» **Recorded data**
>>>

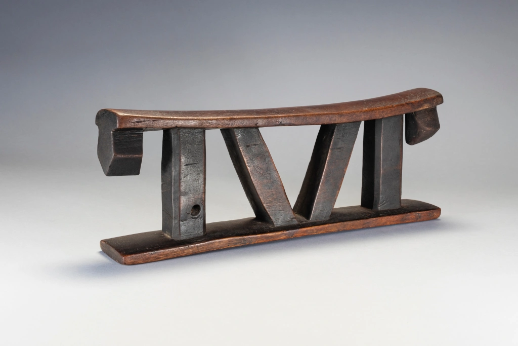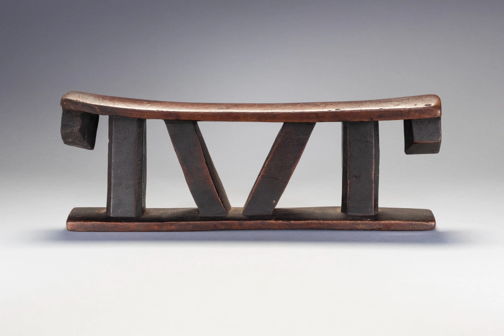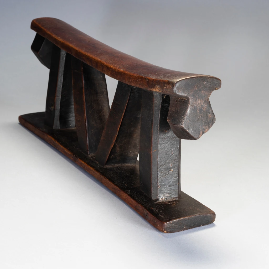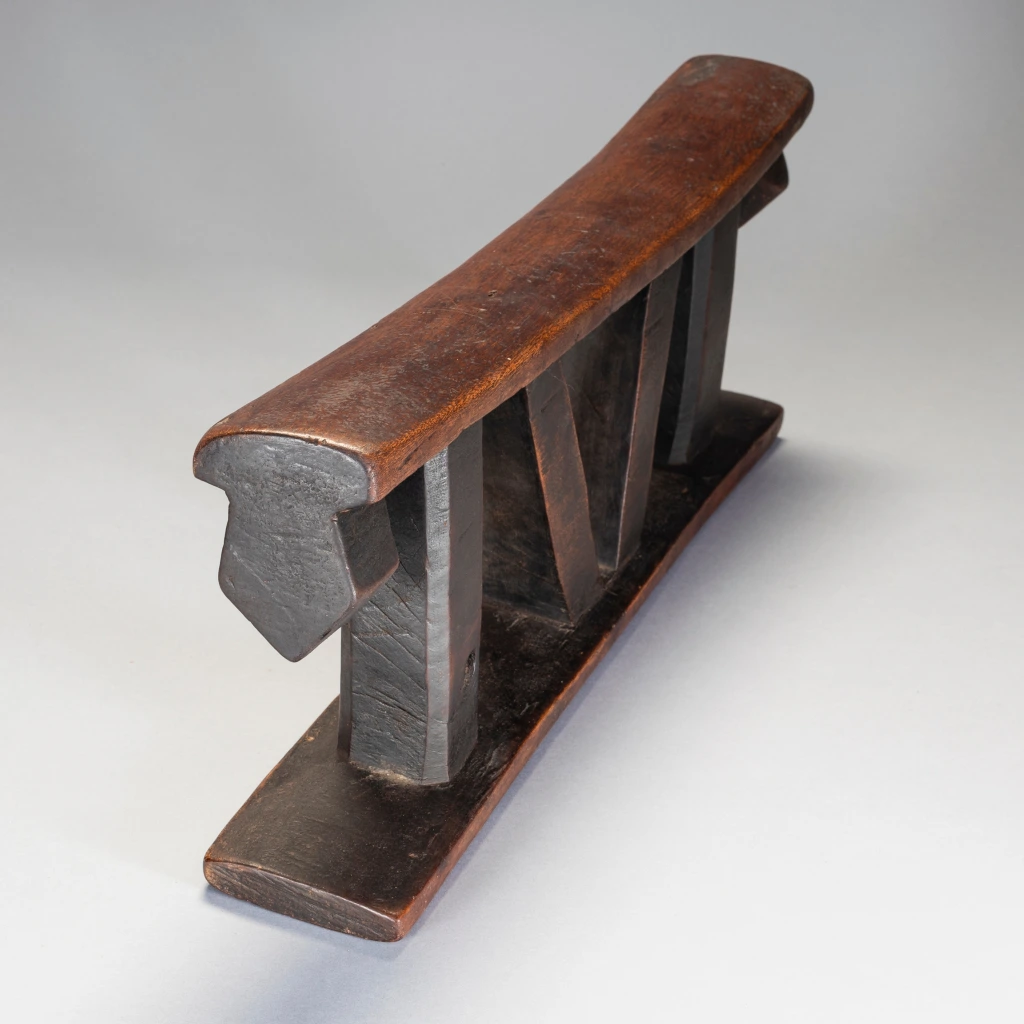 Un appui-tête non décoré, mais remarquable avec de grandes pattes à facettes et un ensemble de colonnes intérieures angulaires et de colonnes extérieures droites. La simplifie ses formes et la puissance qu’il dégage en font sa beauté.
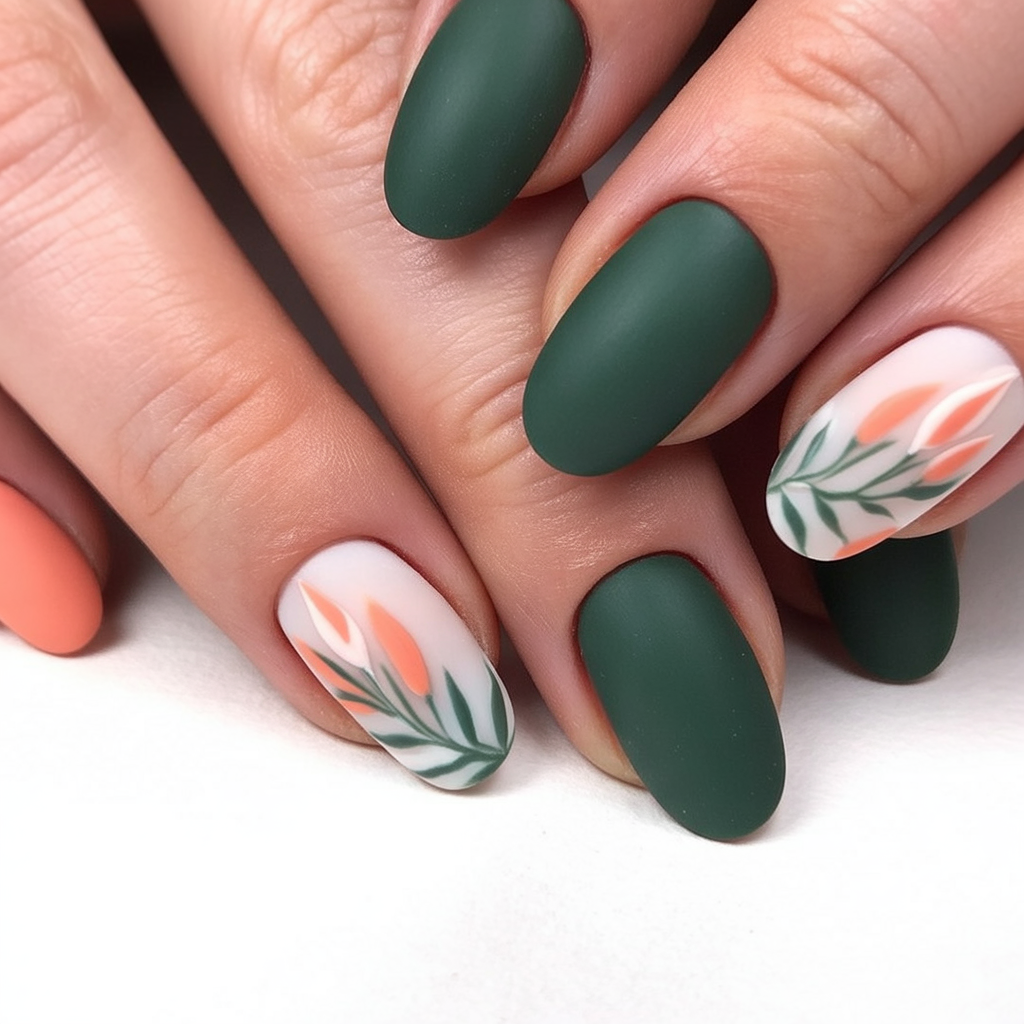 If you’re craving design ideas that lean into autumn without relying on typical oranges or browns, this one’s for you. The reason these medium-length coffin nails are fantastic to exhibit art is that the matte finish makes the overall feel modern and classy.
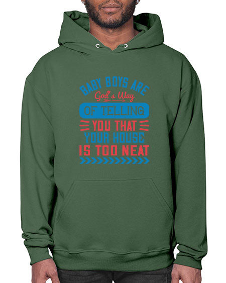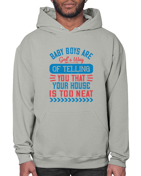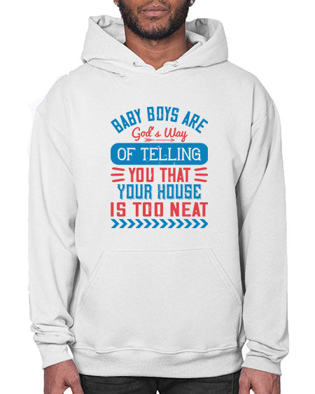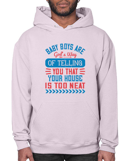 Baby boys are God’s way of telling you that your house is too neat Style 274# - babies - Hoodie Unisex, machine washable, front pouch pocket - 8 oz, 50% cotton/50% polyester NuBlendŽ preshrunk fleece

<<<

» **What is being asked**
Every line of the data above should be repeated exactly. Omit the pictures.

» **Response for this exercise**
 Un appui-tête non décoré, mais remarquable avec de grandes pattes à facettes et un ensemble de colonnes intérieures angulaires et de colonnes extérieures droites. La simplifie ses formes et la puissance qu’il dégage en font sa beauté.
 If you’re craving design ideas that lean into autumn without relying on typical oranges or browns, this one’s for you. The reason these medium-length coffin nails are fantastic to exhibit art is that the matte finish makes the overall feel modern and classy.
 Baby boys are God’s way of telling you that your house is too neat Style 274# - babies - Hoodie Unisex, machine washable, front pouch pocket - 8 oz, 50% cotton/50% polyester NuBlendŽ preshrunk fleece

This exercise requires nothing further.